I find myself at a crossroads.
Doesn’t every road bend every which way, with a decision to be made? And what if I can’t decide, at the crossroads, which way to take?
It seems silly that every day I make a choice that could alter the course of my life. And if I don’t decide, that is also a choice in itself.
I’m constrained by my inability to run away from choosing. My belief in my own freedom suddenly shakes and vanishes. And to me there’s no worse feeling than that of no freedom of choice.
The crossroads imposes itself on me, every day: what to eat, what to watch. Should I or shouldn’t I tell my coworker that he is making me angry every time he tells me to do something for him?

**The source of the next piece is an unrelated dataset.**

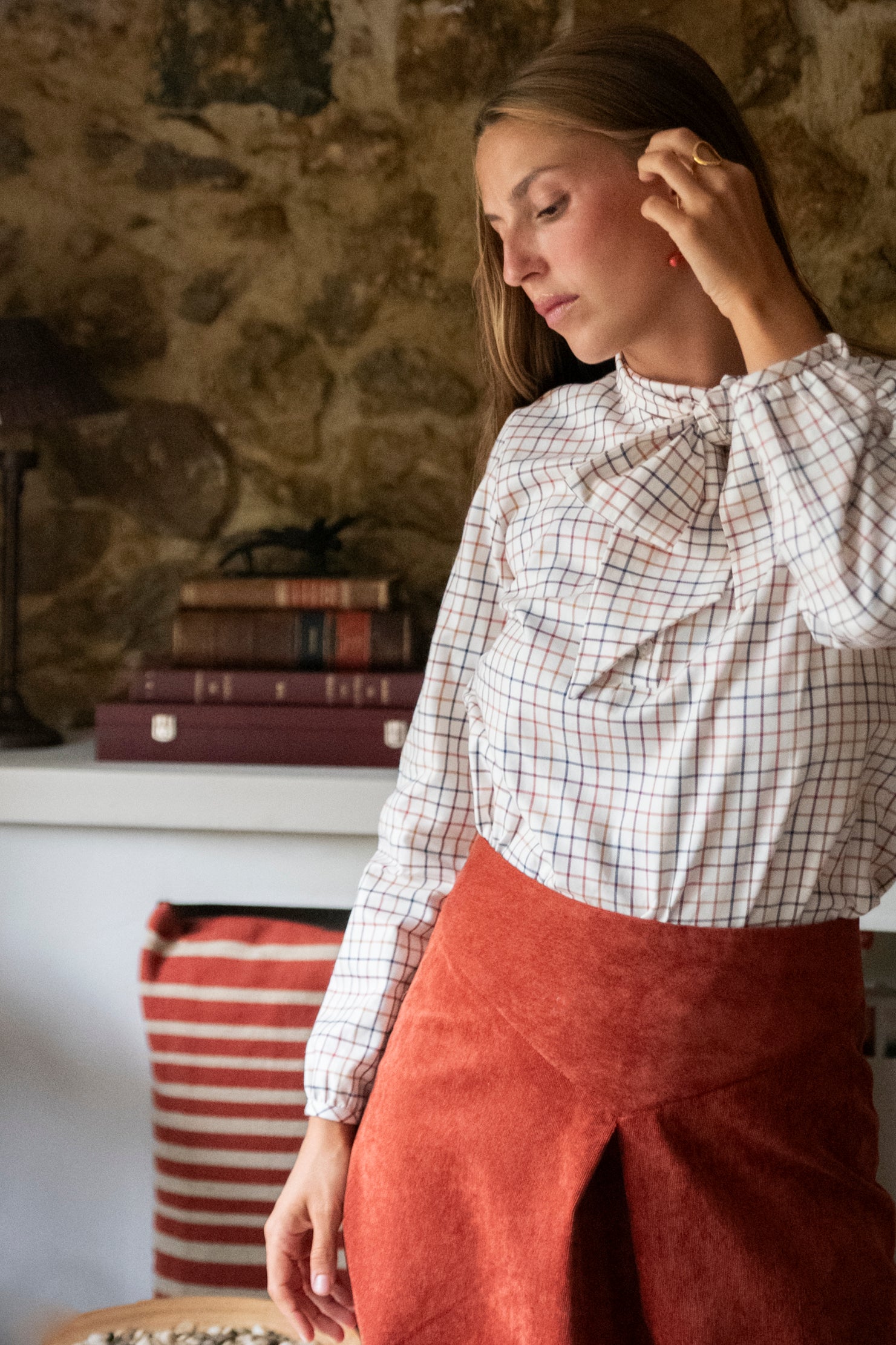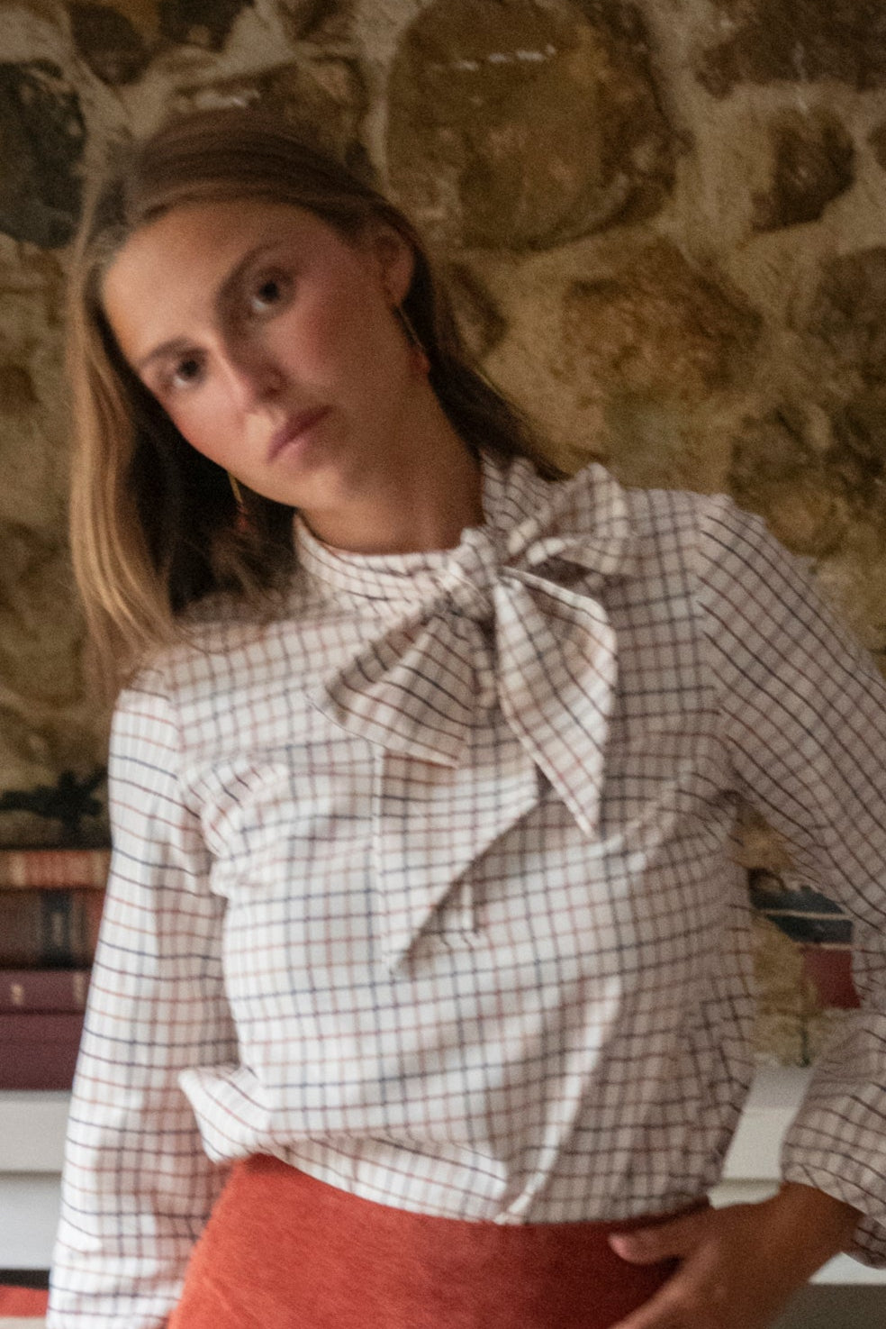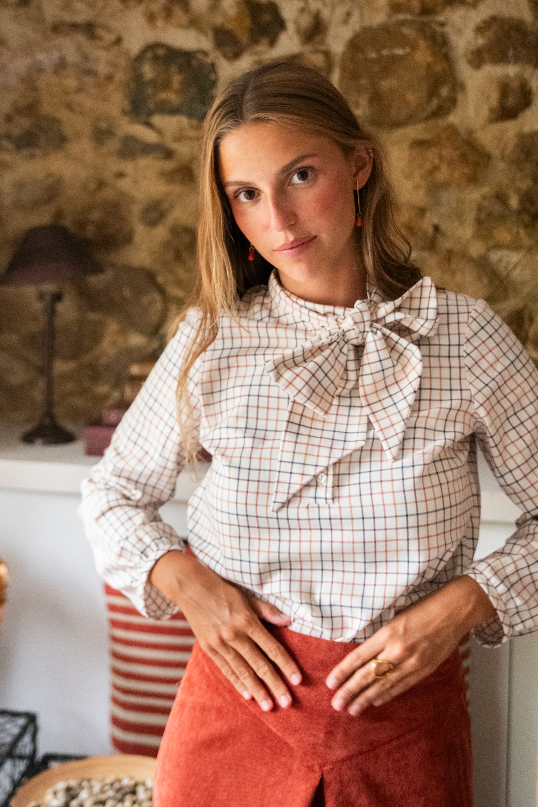 Camisa con cuello base y con una tapeta delantera con botones ocultos. En el cuello va un lazo cosido al cuello para atarse por delante. A la altura del pecho hay dos pinzas y la espalda tiene canesú. El bajo es recto y es más corto por delante que por detrás. Está fabricada en un tejido de viyela de cuadros leñador.

And yet despite feeling overwhelmed, I choose. Thinking back on the decisions I have made, I wouldn’t have liked anyone but myself to have decided for me.
This unstable temperament of mine, it’ll come back to me - in fact, it does every day. Deciding what to say while I’m angry, and then changing the words when I’ve calmed down. Constantly going back and forth between emotions that guide my words and my actions.
I don’t like crossroads, but I can’t avoid them. I can’t always like everything or avoid the things I don’t like, so I accept my limitations.
As I write about crossroads, I’m also choosing what to say and not to say.
Damn! How hard it is to run away from choice.